News Archive
Muma College of Business researchers receive $300,000 grant to develop new course
A new $300,000 grant from the National Science Foundation will prepare USF graduate students to take on today's cybersecurity challenges by giving them real-life business cases.
The Muma College of Business Information Systems Decision Sciences Department, in collaboration with with the School of Information and the Criminology Department, received the grant from the NSF in August to create a concluding course for students in the new Master's in Cybersecurity Program. ISDS Professors Grandon Gill and Manish Agrawal are the lead researchers on the grant.
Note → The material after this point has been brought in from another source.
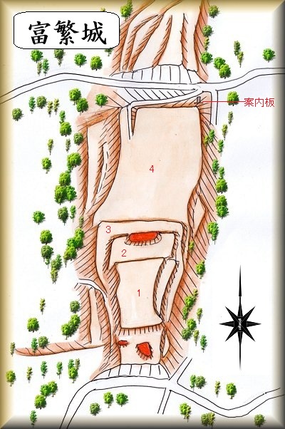 富繁城の城主等は不明であるが、山名氏に関連した城郭だったと考えられている。

After being awarded a $171,000 grant in 2011 from the NSF, Gill and his colleagues developed the original course for the Management Information Systems degree. The new class format gave MIS seniors a chance to examine case studies from local businesses.
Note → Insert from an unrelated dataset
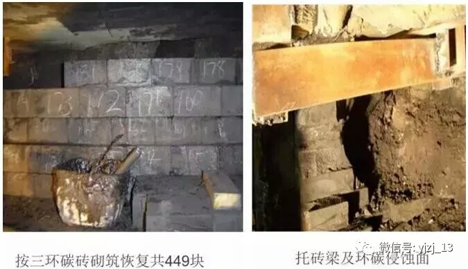 利用工程剩余的UCAR炭磚重新砌筑,部分炭磚需要現(xiàn)場(chǎng)加工外型,縫隙采用炭質(zhì)泥漿。總計(jì)砌筑11層,449塊炭磚。

"The idea is to help our students understand what technology looks like when it's applied in the field," Gill said. "We had a successful formula that we used for the undergraduate capstone in MIS, and we wanted to create a similar type of experience for the cybersecurity program."
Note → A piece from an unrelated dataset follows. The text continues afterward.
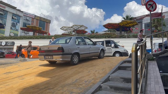 Cadde de yokuştan aşağıya akan yağ, kısa süre sonra sürücülere ve vatandaşlara zor anlar yaşattı. Park halindek, bir otomobil caddeye akan yağ nedeniyle kayarak park halindeki başka araca çarptı.

The case study method, made famous by Harvard Business School, examines the processes behind decisions that companies make, and asks students to analyze those decisions in order to build their business-related critical thinking skills.
In the new graduate course, Gill plans to work with local business to develop about half of the cases, and will develop 12 new cases over the next year and a half. Gill also plans to travel nationally to find the best cybersecurity cases.
Students could take this course starting as early as 2015, Gill said, adding that he plans to develop a course that could be used by multiple tracks in the cybersecurity program. The two-year grant also measures student reaction to the case studies.
Gill, who joined USF in 2001 and is a leader in the case method field, said case-study research is rewarding for him as well as the students because it has direct impact on the businesses he studies.
"This research is guaranteed to end up in the classroom," he said. "It's guaranteed to impact practice. It's impossible to write a case without having some influence on the decision making."
Gill said he plans to hold at least two faculty workshops on facilitating and writing discussion cases, to further increase the pool of cases and build faculty interest at other universities.